For nearly a year, I have listened to Speech Delay Stories. I do appreciate each and every one. The one about my friend's son who said to his grandfather, "I can
too talk. I just didn't
want to." The one about the child who never spoke a word until he spoke in full and eloquent sentences. The ones about the (many) children who spoke their own language until they finally gave it up for the preferred household language at age (pick one): two, three, four.
The one about the child who passed all the hearing tests but was discovered - much later - to be, in fact, 80% deaf. The one about the child diagnosed with autism at age 2 whose diagnosis was retracted four years later when he suddenly started communicating verbally.
Almost all of the stories are about boys, and almost all of them have a turning point in their story; a sudden corner is turned, and lo! The child speaks!
For us? We have been traveling on a more circular road.
Metaphorically speaking, of course.
No corners in sight.
Our circle is full of friendly people though; people who want to talk about his speech delay now that he is taller and it is becoming more obvious.
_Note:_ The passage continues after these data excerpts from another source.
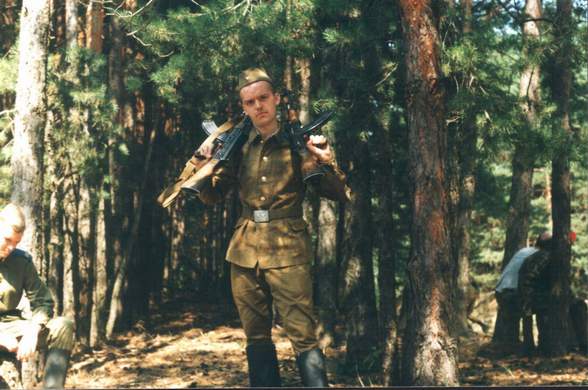 Эта фотография заслуживает отдельного внимания. На ней изображен наш замкомвзвода - Иванов Павел. Личность о которой нужно говорить отдельно. Одного автомата ему, конечно, мало.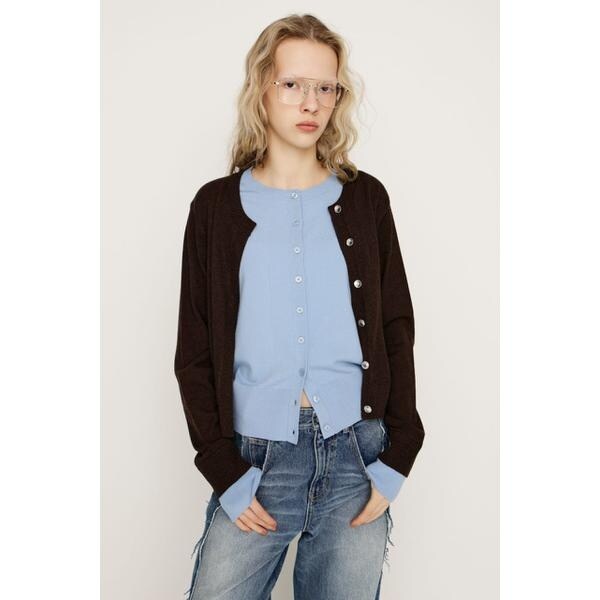 【LAYERED LIKE KNIT TOPS】■POINTまるでカーディガンを2枚レイヤードしているような、立体感のあるデザインが魅力の一着。内側と外側で異なる素材を使用することで、奥行きのある表情に仕上げました。■DETAILボタンもそれぞれ変えており、細かなディテールまでこだわりが光るアイテムです。羽織るだけでスタイリングにこなれ感がプラスされ、シンプルなコーディネートもランクアップ。■STYLINGデニム合わせでカジュアルに合わせたり、スカートやワンピースに羽織って女性らしくもコーディネートできます。コーディネートの幅が広がる一枚です。■FABRIC/MATERIAL内側はソフトタッチな風合いの天竺ニット、外側はウールが入った天竺ニットを使用しています。■透け感:なし■光沢感:なし■伸縮性:なし■裏 地:なし※お取り扱い上のご注意・洗濯機表示の場合はネットに入れて弱水流で洗って下さい。・手洗いの場合はもみ洗いを避けて軽く押し洗いして下さい。・洗濯後は、速やかに形を整え干して下さい。・丈の長い製品、袖など伸びやすい箇所はハンガーで支えたり、平干しをすることで型崩れを防止できます。・本品は、着用(使用)や洗濯クリーニングにより、毛羽立ちや毛玉が発生することがあります。・連続着用はお避け下さい。・毛玉が出来てしまった場合は、毛玉取り器またはハサミで丁寧にカットして取り除いて下さい。[注意事項]※画像の商品はサンプルです。実際の商品と仕様、加工が若干異なる場合があります。※画像の商品は光の照射や角度、お使いのモニター環境により、実物と色味が異なる場合がございます。※着用、お取り扱いの際は、アテンションタグをご確認ください。※一部予約商品につきましては生産上の都合によりお届け予定日や店頭発売と前後する場合もございます。※追加生産商品は、一部の店舗、通販で販売中の場合がございます。予めご了承下さい。
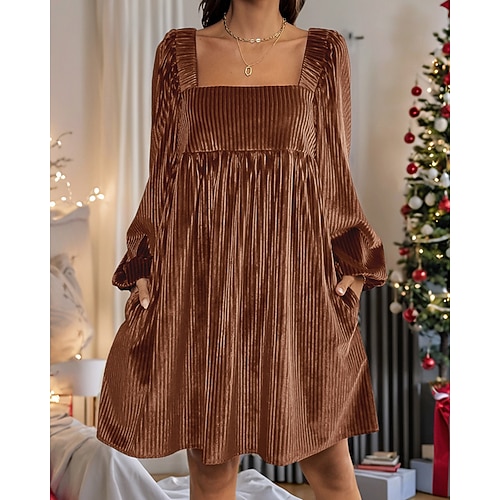 Per donna Mini Abito Abito in Velluto Vestito da Festa Elegante Moderno Festa serale Feste Cocktail party Vestibilità regolare Semplice Manica Lunga Girocollo Vino Verde scuro Marrone Primavera

I am fine with talking about it, explaining what he is trying to say, discussing his ABA-based speech
therapy, even sharing my concerns that he may have verbal apraxia. (Tune in in a few weeks for the evaluation results!)
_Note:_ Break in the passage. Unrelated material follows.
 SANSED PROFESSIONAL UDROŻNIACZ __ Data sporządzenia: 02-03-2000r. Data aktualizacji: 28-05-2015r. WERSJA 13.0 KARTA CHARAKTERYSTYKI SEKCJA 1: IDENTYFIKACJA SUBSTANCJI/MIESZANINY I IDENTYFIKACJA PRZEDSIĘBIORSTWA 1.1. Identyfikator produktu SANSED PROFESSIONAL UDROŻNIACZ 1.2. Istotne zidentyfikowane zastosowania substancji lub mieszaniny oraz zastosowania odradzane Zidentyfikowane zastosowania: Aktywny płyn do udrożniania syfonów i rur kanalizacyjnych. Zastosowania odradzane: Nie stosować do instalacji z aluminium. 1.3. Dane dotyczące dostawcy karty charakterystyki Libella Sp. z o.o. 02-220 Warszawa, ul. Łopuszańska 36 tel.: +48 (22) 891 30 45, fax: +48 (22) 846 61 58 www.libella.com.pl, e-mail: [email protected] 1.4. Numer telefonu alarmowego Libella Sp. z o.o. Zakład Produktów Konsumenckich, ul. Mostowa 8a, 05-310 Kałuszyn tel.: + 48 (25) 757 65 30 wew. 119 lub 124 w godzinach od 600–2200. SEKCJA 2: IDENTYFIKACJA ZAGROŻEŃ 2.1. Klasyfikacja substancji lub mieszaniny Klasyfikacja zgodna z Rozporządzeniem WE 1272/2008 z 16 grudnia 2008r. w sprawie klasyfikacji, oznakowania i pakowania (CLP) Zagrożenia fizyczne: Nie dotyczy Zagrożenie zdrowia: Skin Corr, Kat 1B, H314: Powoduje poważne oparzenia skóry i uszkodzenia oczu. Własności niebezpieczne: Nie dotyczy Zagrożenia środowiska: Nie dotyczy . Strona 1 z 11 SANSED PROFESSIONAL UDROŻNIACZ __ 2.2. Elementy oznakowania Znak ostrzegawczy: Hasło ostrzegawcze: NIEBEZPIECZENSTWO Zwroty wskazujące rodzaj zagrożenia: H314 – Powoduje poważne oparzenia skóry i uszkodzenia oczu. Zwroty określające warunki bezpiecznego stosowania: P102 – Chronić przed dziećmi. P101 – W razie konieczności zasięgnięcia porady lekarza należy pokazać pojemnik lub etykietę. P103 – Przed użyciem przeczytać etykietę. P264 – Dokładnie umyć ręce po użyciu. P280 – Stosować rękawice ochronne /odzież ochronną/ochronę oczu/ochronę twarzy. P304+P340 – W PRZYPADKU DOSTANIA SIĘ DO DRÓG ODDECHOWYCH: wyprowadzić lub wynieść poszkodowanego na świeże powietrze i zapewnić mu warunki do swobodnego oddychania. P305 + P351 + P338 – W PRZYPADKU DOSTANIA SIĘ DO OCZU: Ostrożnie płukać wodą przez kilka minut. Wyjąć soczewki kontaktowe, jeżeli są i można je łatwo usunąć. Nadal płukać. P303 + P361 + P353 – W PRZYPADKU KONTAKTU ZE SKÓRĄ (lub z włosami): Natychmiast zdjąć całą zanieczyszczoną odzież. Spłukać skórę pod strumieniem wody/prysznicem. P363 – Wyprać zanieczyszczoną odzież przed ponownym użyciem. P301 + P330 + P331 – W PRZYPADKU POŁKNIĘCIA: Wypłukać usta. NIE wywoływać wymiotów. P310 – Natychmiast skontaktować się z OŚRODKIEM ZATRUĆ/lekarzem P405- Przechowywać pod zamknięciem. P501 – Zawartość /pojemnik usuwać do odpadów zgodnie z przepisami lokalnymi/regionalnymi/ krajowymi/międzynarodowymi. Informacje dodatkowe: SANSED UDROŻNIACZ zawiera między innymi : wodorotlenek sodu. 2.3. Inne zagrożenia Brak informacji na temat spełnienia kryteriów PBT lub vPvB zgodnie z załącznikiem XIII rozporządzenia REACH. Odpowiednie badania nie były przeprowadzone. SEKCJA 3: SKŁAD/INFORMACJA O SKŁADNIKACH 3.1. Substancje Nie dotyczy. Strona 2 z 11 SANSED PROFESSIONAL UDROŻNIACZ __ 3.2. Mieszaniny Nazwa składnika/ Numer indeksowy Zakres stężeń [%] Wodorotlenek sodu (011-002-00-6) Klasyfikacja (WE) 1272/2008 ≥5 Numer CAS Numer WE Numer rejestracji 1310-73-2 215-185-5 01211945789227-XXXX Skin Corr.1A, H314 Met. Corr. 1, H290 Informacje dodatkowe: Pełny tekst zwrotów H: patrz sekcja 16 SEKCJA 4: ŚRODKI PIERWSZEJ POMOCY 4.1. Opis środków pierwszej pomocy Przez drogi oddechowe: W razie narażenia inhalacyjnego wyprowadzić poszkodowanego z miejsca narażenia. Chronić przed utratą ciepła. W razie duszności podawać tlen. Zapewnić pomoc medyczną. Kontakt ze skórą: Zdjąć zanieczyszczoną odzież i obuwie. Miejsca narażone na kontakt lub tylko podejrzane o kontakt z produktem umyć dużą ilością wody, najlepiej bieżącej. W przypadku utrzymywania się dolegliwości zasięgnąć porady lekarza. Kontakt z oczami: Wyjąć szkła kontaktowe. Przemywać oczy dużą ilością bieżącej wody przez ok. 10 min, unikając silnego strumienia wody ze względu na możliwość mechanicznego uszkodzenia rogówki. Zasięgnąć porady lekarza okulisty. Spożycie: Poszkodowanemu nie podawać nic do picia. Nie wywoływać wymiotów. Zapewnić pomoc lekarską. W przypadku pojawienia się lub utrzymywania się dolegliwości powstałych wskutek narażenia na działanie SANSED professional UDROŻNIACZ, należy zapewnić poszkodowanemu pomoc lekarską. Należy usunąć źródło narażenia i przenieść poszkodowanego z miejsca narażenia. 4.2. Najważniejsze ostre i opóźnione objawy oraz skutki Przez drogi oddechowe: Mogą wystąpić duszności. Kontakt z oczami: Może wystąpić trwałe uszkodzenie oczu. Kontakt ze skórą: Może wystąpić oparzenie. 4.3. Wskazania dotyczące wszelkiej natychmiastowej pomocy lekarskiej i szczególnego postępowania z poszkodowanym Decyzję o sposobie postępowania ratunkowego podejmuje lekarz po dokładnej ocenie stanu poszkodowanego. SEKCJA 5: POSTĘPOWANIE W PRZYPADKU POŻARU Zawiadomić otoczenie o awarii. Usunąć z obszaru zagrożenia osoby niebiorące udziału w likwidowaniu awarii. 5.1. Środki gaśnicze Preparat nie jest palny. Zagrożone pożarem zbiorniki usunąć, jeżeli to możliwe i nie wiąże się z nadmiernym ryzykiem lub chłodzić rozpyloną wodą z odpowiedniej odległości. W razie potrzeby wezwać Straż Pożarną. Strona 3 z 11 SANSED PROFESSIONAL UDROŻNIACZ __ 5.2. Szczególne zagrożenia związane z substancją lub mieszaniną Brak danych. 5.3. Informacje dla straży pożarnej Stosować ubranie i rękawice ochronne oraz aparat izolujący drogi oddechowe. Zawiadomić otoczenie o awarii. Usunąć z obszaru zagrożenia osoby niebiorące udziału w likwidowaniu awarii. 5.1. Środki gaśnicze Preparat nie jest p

- "Is there anything else wrong with him?" some of the helpful neighbors say.
- "Have you had him looked at by a Real Expert?" says another.
- "I think you are overly-concerned. My nephew didn't say a word 'til he was four." I hear frequently.
- "Are 'they' sure he isn't autistic?" some ask boldly. None of these people knows him well.
- "I dinnet talk til I's four and I's just fine! Whadda you worried about?" Oh. My.
My answers are:
- I don't know. Language appears to continue to be the singular delay.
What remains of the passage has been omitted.